Function Calling with OpenAI
OpenAI popularized function calling with GPT-3.5 in June 2023 and has since evolved the API significantly. As of 2026, GPT-4.1 achieves 97-99% accuracy on function calling benchmarks and supports up to 128 tools per request.
from openai import OpenAI
client = OpenAI()
# Define the tools
tools = [{
"type": "function",
"function": {
"name": "get_weather",
"description": "Get current weather for a city",
"parameters": {
"type": "object",
"properties": {
"city": {
"type": "string",
"description": "City name"
}
},
"required": ["city"]
}
}
}]
# Send message with tools
response = client.chat.completions.create(
model="gpt-4.1",
messages=[{"role": "user", "content": "What's the weather in Tokyo?"}],
tools=tools
)
# The model returns a tool_call, not text
tool_call = response.choices[0].message.tool_calls[0]
# tool_call.function.name == "get_weather"
# tool_call.function.arguments == '{"city": "Tokyo"}'
Function Calling with Anthropic Claude
Anthropic calls it "tool use" and supports parallel tool calls natively, with a maximum of 64 tools per request. Claude Opus 4 and Sonnet 4 are both highly reliable at structured tool calling, and Claude's extended thinking mode gives it an edge on complex multi-step tool chains where reasoning about which tools to call matters.
import anthropic
client = anthropic.Anthropic()
# Define tools
tools = [{
"name": "get_weather",
"description": "Get current weather for a city",
"input_schema": {
"type": "object",
"properties": {
"city": {
"type": "string",
"description": "City name"
}
},
"required": ["city"]
}
}]
# Send message with tools
response = client.messages.create(
model="claude-opus-4-6",
max_tokens=1024,
tools=tools,
messages=[{"role": "user", "content": "What's the weather in Tokyo?"}]
)
# Claude returns tool_use content blocks
for block in response.content:
if block.type == "tool_use":
# block.name == "get_weather"
# block.input == {"city": "Tokyo"}
result = execute_tool(block.name, block.input)
Provider Comparison
Each provider implements function calling differently. Here's what matters in practice:
| Feature | OpenAI (GPT-4.1) | Anthropic (Claude Opus 4) | Google (Gemini 2.5 Pro) |
|---|---|---|---|
| Max tools per request | 128 | 64 | 64 |
| Parallel tool calls | Yes (default) | Yes (native) | Yes |
| Forced tool use | tool_choice: "required" |
tool_choice: {"type": "any"} |
tool_config: {mode: "ANY"} |
| Streaming support | Yes | Yes | Yes |
| Accuracy (benchmarks) | 97-99% | 96-98% | 93-96% |
| Schema format | JSON Schema | JSON Schema | JSON Schema (OpenAPI subset) |
| Token overhead per tool | ~100-300 tokens | ~100-300 tokens | ~150-350 tokens |
The MCP Protocol: Universal Tool Access
The Model Context Protocol (MCP), created by Anthropic and open-sourced in November 2024, is rapidly becoming the standard for connecting AI models to external tools. Think of it as USB-C for AI: instead of writing custom function definitions for each provider, you define your tools once as an MCP server, and any MCP-compatible client can use them.
MCP solves three problems that direct function calling doesn't:
- Discovery. With function calling, you must tell the model about every available tool upfront. MCP supports tool discovery — the model can query an MCP server to find what tools are available, including search-based discovery when the tool catalog is large.

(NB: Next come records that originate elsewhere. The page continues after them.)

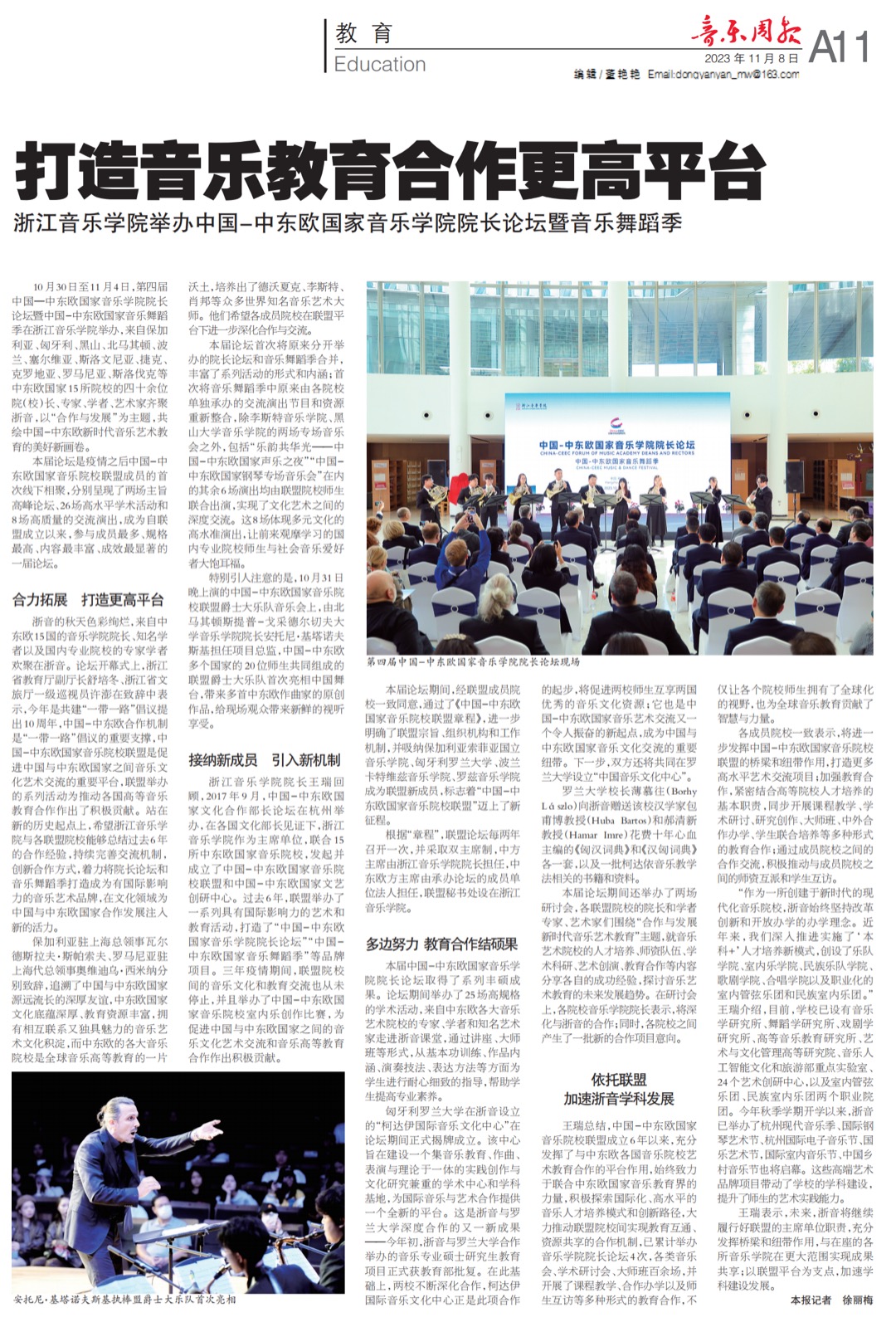 音樂周報(bào):打造音樂教育合作更高平臺(tái)|浙江音樂學(xué)院舉辦中國-中東歐國家音樂學(xué)院院長論壇暨音樂舞蹈季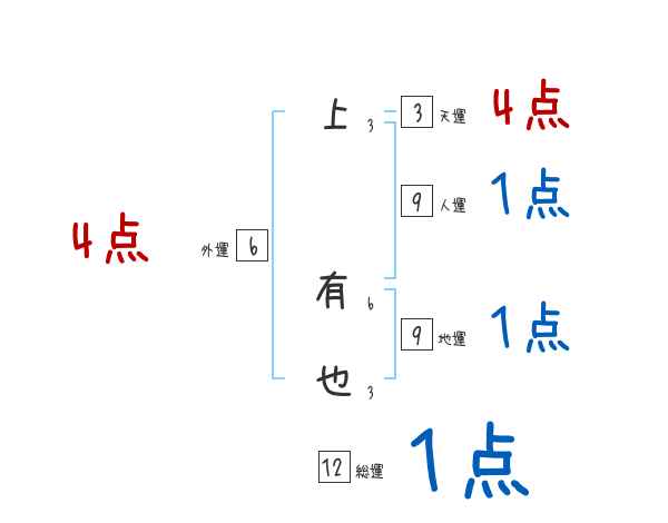 天運![]() | 上有也さんの天運は3画の4つ星!活動的で才能に恵まれ、多くの信頼を得る。希望に満ち成長する。 家系が持つ宿命的な運勢を表します。祖先から受け継いだ苗字ですので自分の力が及びません。家柄を象徴します。 |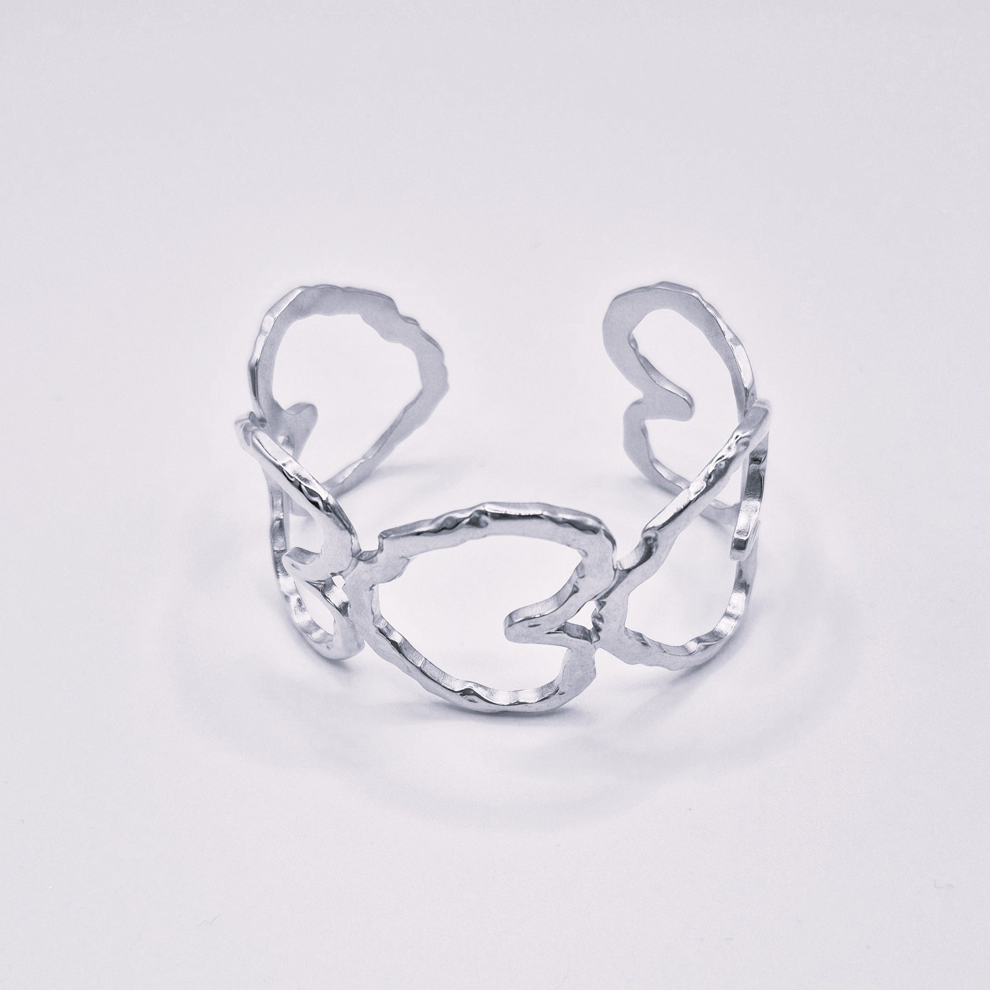 Brazalete abierto de acero inoxidable con textura martelé y acabado plata brillante.

- Portability. A tool defined as an MCP server works with Claude, GPT, Gemini, or any MCP-compatible client. No rewriting tool definitions per provider.
- Composability. An agent can connect to multiple MCP servers simultaneously — one for your database, one for GitHub, one for Slack — and the model can use tools from any of them in a single conversation.
from mcp.server import FastMCP
app = FastMCP("weather-server")
# Define a tool — any MCP client can call it
@app.tool()
async def get_weather(city: str) -> str:
"""Get current weather for a city."""
# Your implementation here
weather = await fetch_weather_api(city)
return f"{city}: {weather.temp}°F, {weather.condition}"
@app.tool()
async def get_forecast(city: str, days: int = 5) -> str:
"""Get weather forecast for the next N days."""
forecast = await fetch_forecast_api(city, days)
return forecast.to_json()
Production Patterns
Building a demo with function calling takes an hour. Building a production system takes weeks of learning the hard way. Here are the patterns that matter:
1. Write better tool descriptions
The model chooses which tool to call based almost entirely on the description you write. A bad description — "Gets data" — leads to wrong tool selection. A good description explains what the tool does, when to use it, and what it returns.
"The single most impactful thing you can do to improve tool calling accuracy is to write better descriptions. Engineers spend hours optimizing their prompts and five seconds on tool descriptions. Flip that ratio."— Anthropic Engineering, "Writing effective tools for AI agents"
2. Validate tool arguments before execution
The model generates JSON arguments, but it can hallucinate field names, use wrong types, or produce invalid values. Always validate against your schema before executing. Libraries like Pydantic (Python) or Zod (TypeScript) make this trivial.
3. Handle parallel tool calls
Modern models frequently call multiple tools in parallel — "What's the weather in Tokyo and New York?" produces two simultaneous tool calls. Your code must handle this: execute them concurrently, collect results, and send them all back in a single response.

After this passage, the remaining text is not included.